Mr. Stone was represented by counsel throughout the time of his testimony before Congress last year. He was the recipient of grand jury subpoenas for his text messages, his emails and other records — all of which, through his counsel, he surrendered. He claims that when asked by members of the House Intelligence Committee about certain aspects of these, he innocently forgot about them. Who could remember each of 1 million texts and emails?
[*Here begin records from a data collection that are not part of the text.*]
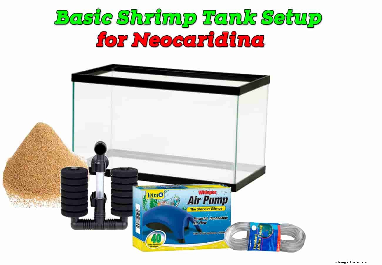 In short. Neocaridina Shrimp do not require a lot when it comes to aquariums. Therefore, to set up a shrimp tank you need to add 2-3 cm (~1 inch) of an inert substrate to the bottom of the tank. Then, install an aquarium filter and air-pump. Fill it with water. Wait until the nitrogen cycle finishes. Add dwarf shrimp.
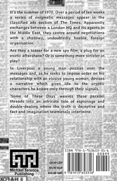 It's the summer of 1970. Over a period of ten weeks a series of enigmatic messages appear in the classified ads section of The Times. Apparently exchanges between a London HQ and its agents in the Middle East, they centre around negotiations with a shadowy, undoubtedly hostile, foreign organisation. Are they a teaser for a new spy film, a plug for an exotic aftershave? Or is something more sinister in play? In Liverpool, a young man puzzles over the messages and, as he seeks to impose order on his relationship with an elusive young woman, devises a narrative which gives life to the cryptic characters he knows only through their signals. 'Some of These Days' weaves these parallel threads into an intricate tale of espionage and double-dealing where the truth is deceptive and fact and imagination seamlessly intertwine.
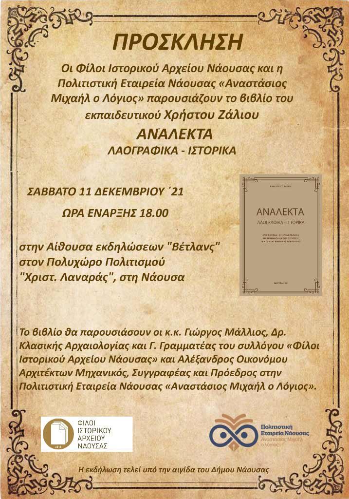 φίλοι Ιστορικού Αρχείου Νάουσας και η Πολιτιστική Εταιρεία Νάουσας «Αναστάσιος Μιχαήλ ο Λόγιος», παρουσιάζουν το βιβλίο του Χρήστου

In the real world — where the influence of politics into law enforcement is kept to a harmless minimum — defense counsel is generally known to prosecutors throughout their investigation of a target. According to Mr. Stone, federal prosecutors have known for a year who his lawyers are. Also in the real world, when a defendant has been indicted for a nonviolent crime, has no criminal record and is not a flight risk or an imminent danger to society, prosecutors inform defense counsel of the indictment, send the defense counsel a copy of it and request the peaceful and dignified surrender of the indicted person.
In the current, unreal world — where politics deeply infuse law enforcement — prosecutors use brute force to send a message of terror to innocent defendants. Like all defendants at the time of arrest, Mr. Stone is innocent until proven guilty beyond a reasonable doubt.
What message does brute force send? It is a message of terror, and it has no place in American life. As if to add embarrassment to terror, the feds may have tipped off CNN, which carried all this live in real time.
When I interviewed Mr. Stone on Fox Nation, after a judge released him without requiring any bail, he told me that he will not cave to this terror but he is willing to speak with the prosecutors. Mr. Stone wavered a bit when I pressed him on the nature and extent of any communication between his lawyers and Mr. Mueller’s team and on the nature of any cooperation by him personally with Mr. Mueller. As a practical matter, his lawyers must communicate with Mr. Mueller’s team to address the logistics of pretrial events, as well as their discovery of the evidence in the government’s possession.
One item in the government’s possession that is very problematic constitutionally is the transcript of the testimony Mr. Stone gave to the House Intelligence Committee, wherein the indictment accuses Mr. Stone of lying. Because that testimony is classified, Mr. Stone is not permitted to see it, and his lawyers — who may view it only in a secret facility — may not copy it.
How can they defend against these charges? How can it be that the government has a piece of paper that allegedly is proof of the crime charged and the defendant’s lawyers may not copy it? Didn’t the government waive the classified nature of this document by Mr. Stone’s very presence at the hearing where the document was created? What remains of the constitutional guarantee of confronting one’s accusers and challenging their evidence?
If Mr. Stone goes to trial, the soonest it could be held is early 2020 — in the midst of the Iowa caucuses and the New Hampshire primary and 2 1/2 years after Mr. Mueller’s appointment.
No innocent American merits the governmental treatment Mr. Stone received. It was the behavior of a police state where the laws are written to help the government achieve its ends, not to guarantee the freedom of the people — and where police break the laws they are sworn to enforce. Regrettably, what happened to Roger Stone could happen to anyone.
• Andrew P. Napolitano, a former judge of the Superior Court of New Jersey, is a regular contributor to The Washington Times. He is the author of nine books on the U.S. Constitution.